> **ACTIVITY**: Would you repeat exactly the part of the listing below that runs from the line containing "在飞机通压通电演示环节中,学" down to the line containing "23日現(xiàn)貨價(jià)格繼續", inclusive, and nothing else?

> **RECORDED DATA**:
------

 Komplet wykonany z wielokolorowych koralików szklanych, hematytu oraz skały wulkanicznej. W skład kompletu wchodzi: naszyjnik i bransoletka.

------

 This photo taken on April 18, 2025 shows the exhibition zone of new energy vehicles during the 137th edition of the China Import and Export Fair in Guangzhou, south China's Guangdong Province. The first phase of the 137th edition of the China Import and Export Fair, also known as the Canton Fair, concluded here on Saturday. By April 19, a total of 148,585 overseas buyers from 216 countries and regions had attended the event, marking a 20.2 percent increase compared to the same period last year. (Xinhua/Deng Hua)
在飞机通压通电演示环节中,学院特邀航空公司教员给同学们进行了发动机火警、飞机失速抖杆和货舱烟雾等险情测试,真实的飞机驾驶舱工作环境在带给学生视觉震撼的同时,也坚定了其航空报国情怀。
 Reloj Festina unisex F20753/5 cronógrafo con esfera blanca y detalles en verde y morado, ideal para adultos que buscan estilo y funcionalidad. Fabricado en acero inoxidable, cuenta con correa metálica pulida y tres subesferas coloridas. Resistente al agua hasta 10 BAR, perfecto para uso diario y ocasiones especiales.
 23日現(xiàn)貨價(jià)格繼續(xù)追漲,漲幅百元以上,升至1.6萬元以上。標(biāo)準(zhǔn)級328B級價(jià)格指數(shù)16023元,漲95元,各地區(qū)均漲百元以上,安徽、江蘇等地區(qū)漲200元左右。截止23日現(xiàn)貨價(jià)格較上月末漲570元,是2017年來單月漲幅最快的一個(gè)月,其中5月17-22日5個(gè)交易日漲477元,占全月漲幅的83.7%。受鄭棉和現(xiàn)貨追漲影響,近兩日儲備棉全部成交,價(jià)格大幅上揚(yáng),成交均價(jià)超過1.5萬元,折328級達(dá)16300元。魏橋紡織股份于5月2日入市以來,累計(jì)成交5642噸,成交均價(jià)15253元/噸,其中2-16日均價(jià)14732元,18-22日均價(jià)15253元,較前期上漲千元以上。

------

> **OUTPUT FOR THIS TASK**:
在飞机通压通电演示环节中,学院特邀航空公司教员给同学们进行了发动机火警、飞机失速抖杆和货舱烟雾等险情测试,真实的飞机驾驶舱工作环境在带给学生视觉震撼的同时,也坚定了其航空报国情怀。
 Reloj Festina unisex F20753/5 cronógrafo con esfera blanca y detalles en verde y morado, ideal para adultos que buscan estilo y funcionalidad. Fabricado en acero inoxidable, cuenta con correa metálica pulida y tres subesferas coloridas. Resistente al agua hasta 10 BAR, perfecto para uso diario y ocasiones especiales.
 23日現(xiàn)貨價(jià)格繼續(xù)追漲,漲幅百元以上,升至1.6萬元以上。標(biāo)準(zhǔn)級328B級價(jià)格指數(shù)16023元,漲95元,各地區(qū)均漲百元以上,安徽、江蘇等地區(qū)漲200元左右。截止23日現(xiàn)貨價(jià)格較上月末漲570元,是2017年來單月漲幅最快的一個(gè)月,其中5月17-22日5個(gè)交易日漲477元,占全月漲幅的83.7%。受鄭棉和現(xiàn)貨追漲影響,近兩日儲備棉全部成交,價(jià)格大幅上揚(yáng),成交均價(jià)超過1.5萬元,折328級達(dá)16300元。魏橋紡織股份于5月2日入市以來,累計(jì)成交5642噸,成交均價(jià)15253元/噸,其中2-16日均價(jià)14732元,18-22日均價(jià)15253元,較前期上漲千元以上。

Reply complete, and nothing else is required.